Target protein preparation

The crystal structure of main protease with PBD id 6LU7 and of RdRp protein with PDB id 7BV2 were taken as the target proteins. In the autodock software they were prepared by removing water, adding hydrogen, adjusting the torsion angles, applying the default forcefields, computing Gasteiger charges, merging non-polar H; assigning Autodock 4 atom types. Stouten atomic solvation parameters are also designated to the receptors. The receptors were done converted to .pdbqt format.

For the Libdock and CDocker they were prepared using the Prepare protein module. The proteins were subjected to CHARMm forcefield, with protein dielectric constant set at 10, pH for protonation was 7.4, water and other residues were removed and hydrogens were added. The maximum loop length was fixed at 20 and ionic strength of 0.145. The energy minimized structures of the proteins were taken for further study.

Ligand Minimization

A total of 8 Curcumin derivatives and 5 Allicin derivatives were used for study. In the Autodock all hydrogens were added to the ligands, Gasteiger charges were computed and added, and nonpolar H were merged; Autodock 4 atom types were assigned. It was ensured that total charge corresponds to tautomeric state. The torsion tree root & rotatable bonds were chosen as per requirement. The ligands were saved in the .pdbqt format. For the docking in Discovery Studio, the ligands were minimized using the Full minimization module. The ligands were minimized using the Smart minimizer algorithm with maximum steps of 2000, applying the CHARMm forcefield. The partial charge estimation was done by Momany-Rone parameters and the RMS gradient was set at 0.01. The minimized dataset was thus used for further analysis.

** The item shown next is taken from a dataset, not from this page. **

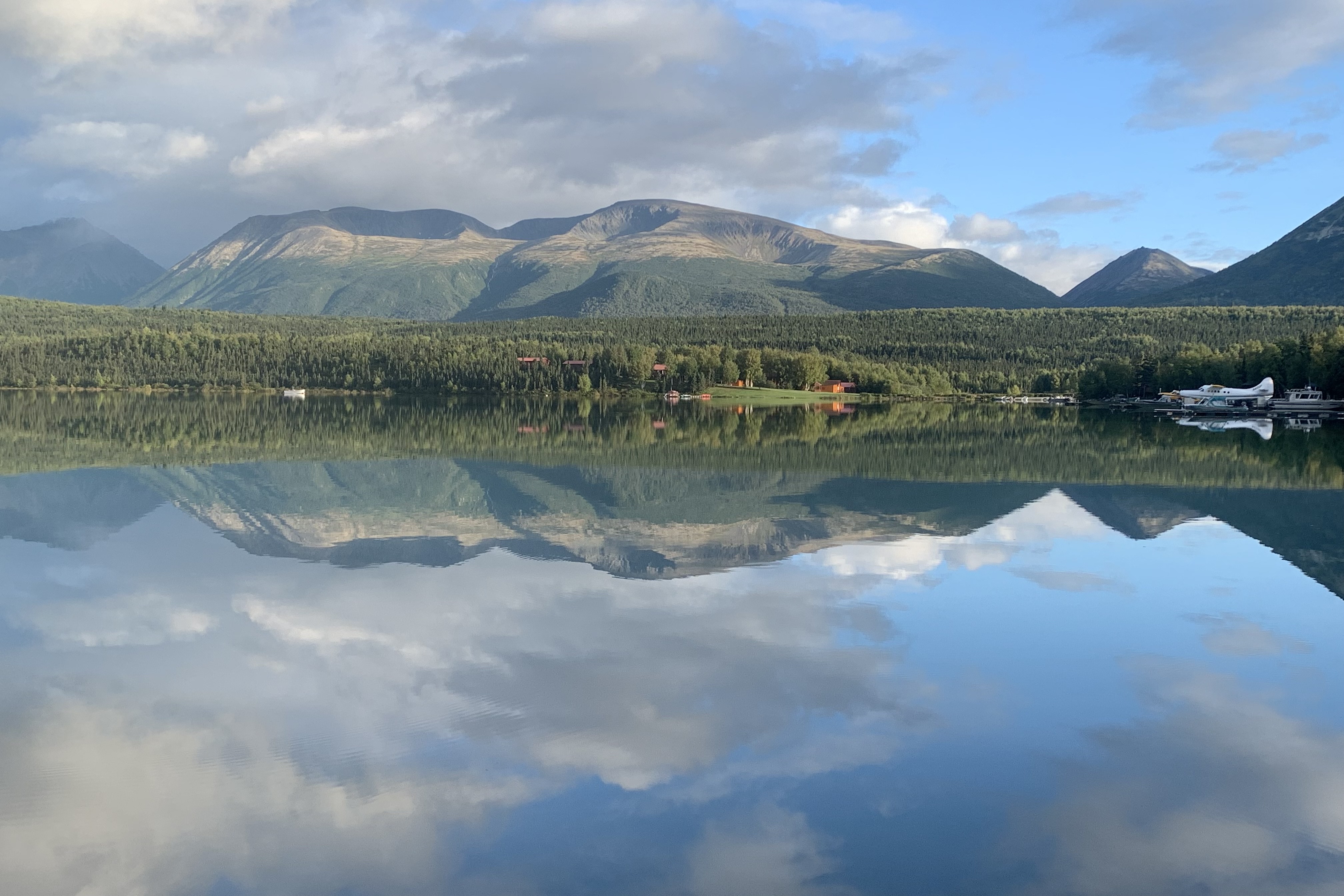 I would have loved to wander that area and head up towards the glaciers but time and weather dictated our return to the Lake Clark area. Nearing Port Alsworth we spotted a moose in a small lake below. Our pilot circled lower and as we returned back over this lake for our photograph of the moose it not so obligingly dove under the water leaving the mud trail pictured below. “Home ” for the evening at our accommodations, Lake Clark Farm Lodge, was always a peaceful and serene experience enhanced by the stunning reflections on the Lake and a rainbow over the far mountains,.

Docking Analysis of Receptor-Ligand interactions

The receptor active site cavity was identified by already existing ligand in the crystal structure complex of the main protease and RdRp protein. The ligands were docked by using 3 docking tools- Autodock, High throughput virtual screening algorithm that identifies hotspots (Libdock) followed by CHARMm based molecular dynamics scheme (CDocker). The best ligands obtained from all the docking protocols were chosen as top hits. The Libdock gives a positive binding affinity score; The Autodock and CDocker give a negative binding affinity score and the molecules having least binding affinity were selected as leads and potential drugs for repurposing that can act against SARS-CoV-2.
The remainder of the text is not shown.